The method comprises steps of (a) capturing at least one image of
an array pattern comprising a plurality of interest points with at
least one camera; (b) processing said at least one camera image to
determine a provisional location of at least one interest point on
the at least one image; and (c) refining the provisional position
of said at least one interest point on the at least one image. The
refining is preferably done by (i) selecting a partial area of the
image that includes at least one interest point and at least a
portion of at least two edges that meet at or near the interest
point; (ii) defining at least a first and second set of edge points
representative of said at least two intersecting edges; (iii)
applying regression analysis to the first and second sets of edge
points, respectively; and (iv) determining a refined position of
the at least one interest point as the intersection of regression
functions representative of the first and second sets of edge
points. Also provided is an image capture system comprising: at
least one land-based mobile robot; at least two cameras that are
fixedly mounted on each said at least one mobile robot; and a
processing module, adapted to (i) receive and store image data
obtained by the cameras of at least one array pattern that
comprises a plurality of interest points; (ii) process said image
data to determine a provisional location of the interest points on
each captured image; (iii) refine the provisional location of the
interest points by regression analysis of data points
representative of at least two edges that meet at or near the
interest points, the refined location being determined as the
intersection of regression curves thereby obtained; and (iv)
optimize camera calibration parameters based on the refined
position of the interest point.
[0015] In the present context, the term "camera image" or "image"
should be understood to also mean "camera frame" or "camera frames"
or "frames".
[0016] The term "interest point", in the present context, refers to
a point in an image that can be characterized by at least: a) being
clearly defined on the image, b) having a well-defined position in
space, c) the local image structure around the interest point being
rich in terms of local information content, preferably so that it
has significant texture (for example, has a significant variety in
pixel saturation) in two-dimensional space, and d) the interest
point is stable and/or not sensitive with respect to illumination
and/or brightness variations, such that the interest point can be
computed with high degree of repeatability. An exemplary interest
point is a corner. Corners in turn can be considered to be defined
as the meeting point or intersection of two or more edges in an
image. Note, that interest points exist both on images and on array
patterns, and the present document refers to both as "interest
point". It is clear for the person skilled in the art which is
meant from the context.
[0017] In a preferred embodiment, the interest point is positioned
at the meeting point of the edges. In some embodiments, the
interest point is at the intersection of two or more edges. The
partial area that is selected may surround the at least one
interest point. As will be apparent from the following disclosure,
an initial estimate of the position of an interest point may be
incorrect in that the initial estimate does not place the interest
point at the intersection or meeting point of two edges. One goal
of the method disclosed herein is to provide a reliable position of
the interest point, ideally such that its refined position is a
very good approximation of its true position in the image which can
be at the meeting point (or intersection) of two or more edges.

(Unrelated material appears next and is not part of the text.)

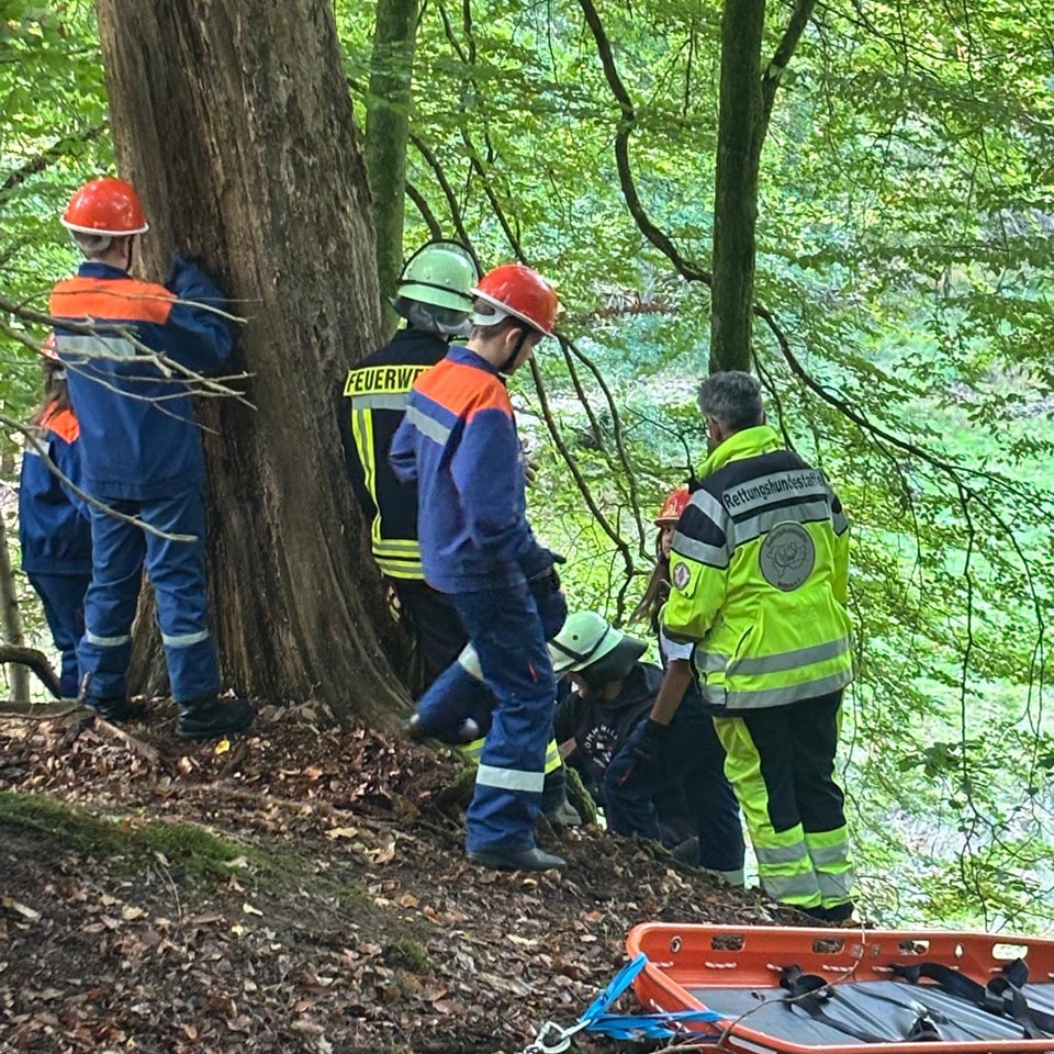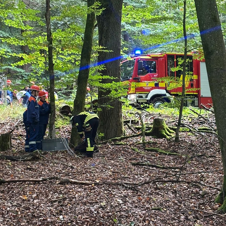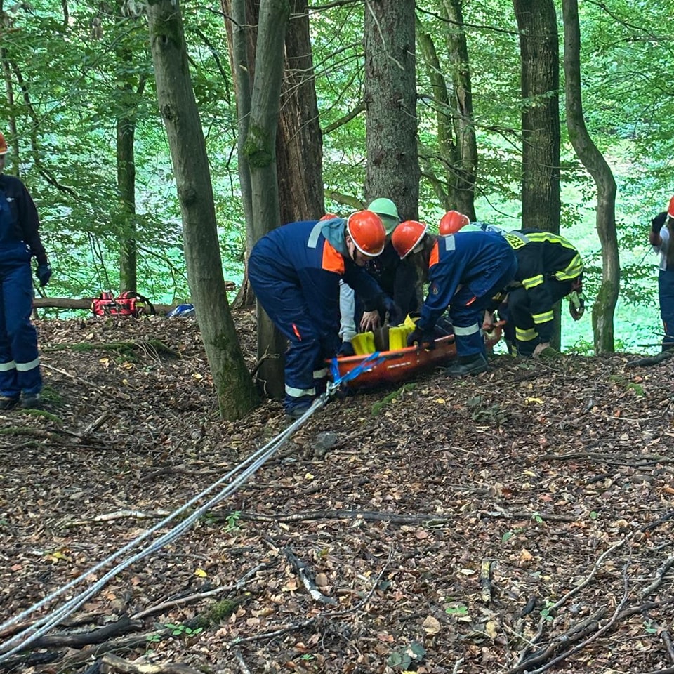 -freiwillige Jugendfeuerwehr war mit vor Ort um die gefundenen und evtl verletzten Menschen zu bergen da das Gelände sehr uneben und bewachsen war.

[0018] Although the present invention is applicable for the
calibration of any number of cameras, it is especially useful for
the calibration of multiple cameras. Preferably, the invention
relates to the simultaneous calibration of a plurality of cameras,
such as 2 or more cameras, 3 or more cameras, 4 or more cameras, 5
or more cameras, 6 or more cameras or 7 or more cameras. In some
preferred embodiments, the number of cameras is in the range of 2
to 20, such as 3 to 15, such as 4 to 12, such as 5 to 10, such as 7
to 10, especially 7 to 9 cameras. The cameras are preferably
arranged in a fixed position on a single structure or frame.
Preferably, the structure is a mobile robot, in particular a
land-based mobile robot.
[0019] The calibration method of the invention is based on the
processing of images that are captured by the cameras to be
calibrated. Preferably, a plurality of images is captured. It is
especially preferable to capture a plurality of images that
represent different poses of the cameras with respect to the
calibration pattern.
[0020] In the present context, the term "pose" refers to the
position and orientation of an object in three-dimensional space.
One object of the invention is therefore to determine the pose of
each of the cameras that are being calibrated. The term "position
and tilt" is used herein as "pose".
[0021] One or more images of the calibration pattern can be
captured for a first pose (first position/orientation) of the
cameras. This process can be repeated for a second pose of the
cameras, a third pose of the cameras, and so on. This way, a series
of images is captured, representing different poses of the
cameras.
[0022] The images can be stored to a file following their capture.
The images can be stored locally, e.g. on a memory card within the
structure (e.g., mobile robot or robot) on which the cameras are
mounted. The images can also be stored on a remote server, that can
be wirelessly connectable to the structure.
[0023] The images can also be processed in real-time as they are
captured. This means that features (e.g., corners) are detected and
defined on the images as they are captured, and the images
subsequently deleted. This has the advantage that storage space
and/or data upload requirements are minimized.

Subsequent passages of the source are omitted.